Вот этого Люсьен до конца не продумал. Он-то надеялся, что стоит только сказать Режин, что их мама — та самая «другая» женщина, и сестре сразу сильно полегчает. Он не ждал испанской инквизиции.
— Не могу. Я его сжег.
— Это еще зачем?
— Потому что в нем есть постыдные секреты папá и маман.
— Которые ты мне теперь рассказываешь. Я у маман спрошу.
— Нельзя. Она не помнит.
— Все она помнит. Папá в этой мастерской умер. Мари погибла, пытаясь в нее заглянуть. Ей, может, и не захочется, но она вспомнит.
— Не вспомнит. Она тогда опий принимала. Очень и очень много опия. Папá об этом и писал. Как она принимала опий и приходила к нему в мастерскую, и они там днями напролет занимались любовью. Но она ничего этого не помнит. Вот, теперь ты все знаешь.
— Маман принимала опий, а мы ничего не замечали?
— Да. Подумать только, а? Мы все время говорили, что маман безумна. А она не безумна была, оказывается, она просто одуряла себя зельем.
— И, очевидно, кувыркалась тоже до одури.
— Папá все описал в подробностях — все отвратительные мерзости, которыми они вместе занимались. Вот что ты слышала в тот вечер, когда Мари вылезла на крышу. Поэтому мне и пришлось сжечь дневник. Чтобы пощадить твои чувства, Режин. Я сделал это ради тебя.

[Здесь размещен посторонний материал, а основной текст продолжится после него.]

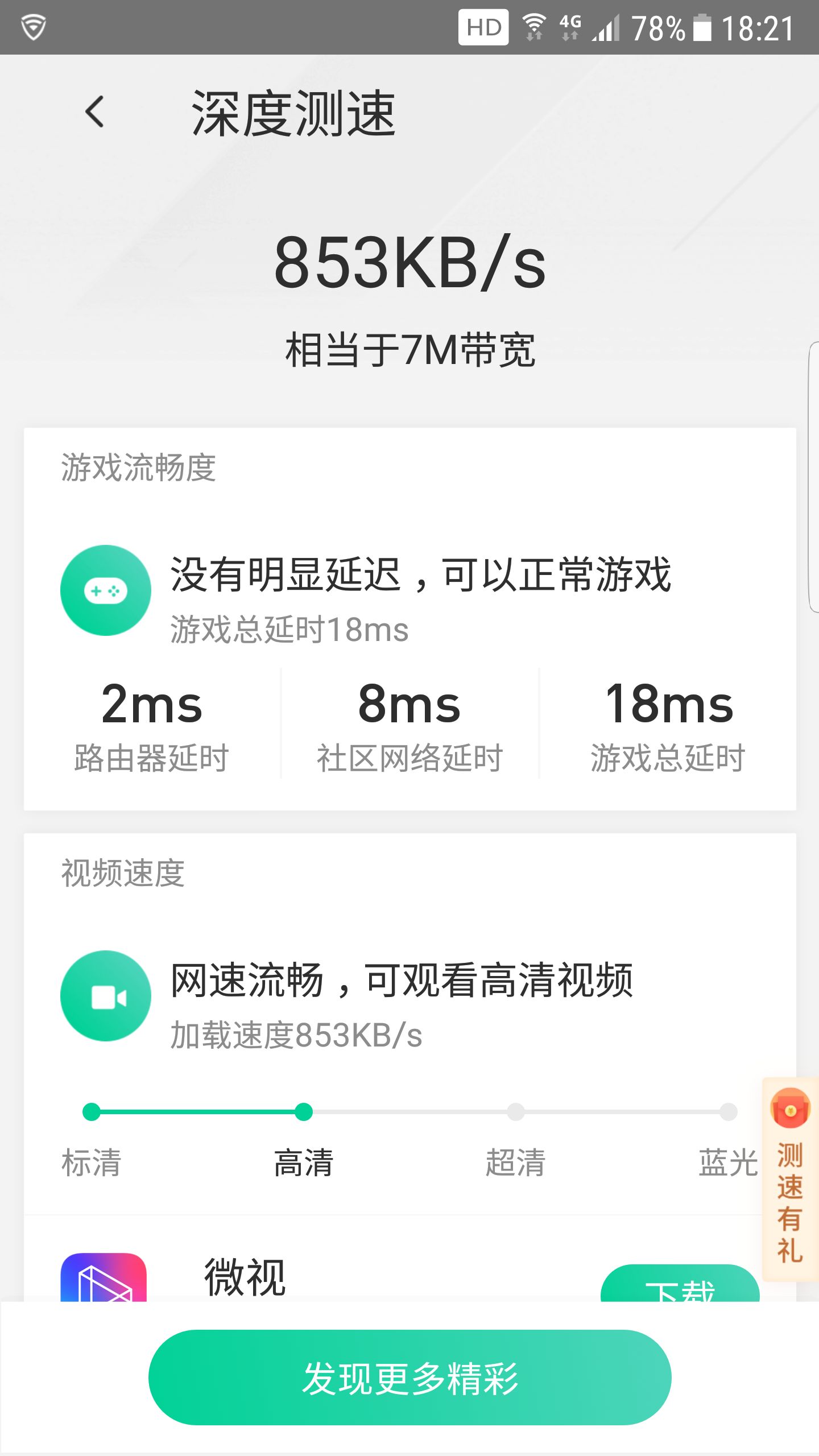 播放超清网络视频1小时,期间没有发现卡顿、断连、降低画质的情况,说明路由器在大流量数据持续吞吐情况下连接还是非常稳定的。

— Чтобы пощадить мои чувства, ты решил посреди рабочего дня рассказать мне, что наша маман — извращенка и опийная маньячка, а наш папá не только этим пользовался, но и писал об этом. И вот это все должно пощадить мои чувства?
— Ты же переживала, что надо держать другую женщину в секрете от маман все эти годы, потому что переживала из-за Мари. Но видишь — ты ни в чем не виновата.
— Но и теперь, узнав правду, я должна держать ее в секрете от маман?
— Это ее ранит.
— Она затрахала до смерти нашего папá!
— Да, но это же было приятно. Ну правда, если вдуматься, все получилось очень даже мило.
— Нет. Совсем ничего не мило.
— Мне кажется, смерти папá и Мари как-то встряхнули ее, и она бросила злоупотреблять зельем. Поэтому видишь — все к лучшему.
— Ничего не к лучшему.
— Ты права, надо прикончить ее во сне. Как считаешь, Жиль поможет нам избавиться от тела? Она все-таки довольно крупная женщина.
— Люсьен, ты врешь хуже всех на свете.
— Вообще-то я больше про образы, чем про слова. Живопись и так далее.
Режин приникла к нему и поцеловала в щеку.
— Все равно очень приятно, что ты обо мне подумал. Не знаю, почему, но мне кажется, что у тебя очень добрая душа под всеми этими слоями глупости.
— Что здесь происходит? — донесся голос мамаши Лессар с вершины лестницы.
Режин ущипнула Люсьена за руку и повернулась к маме.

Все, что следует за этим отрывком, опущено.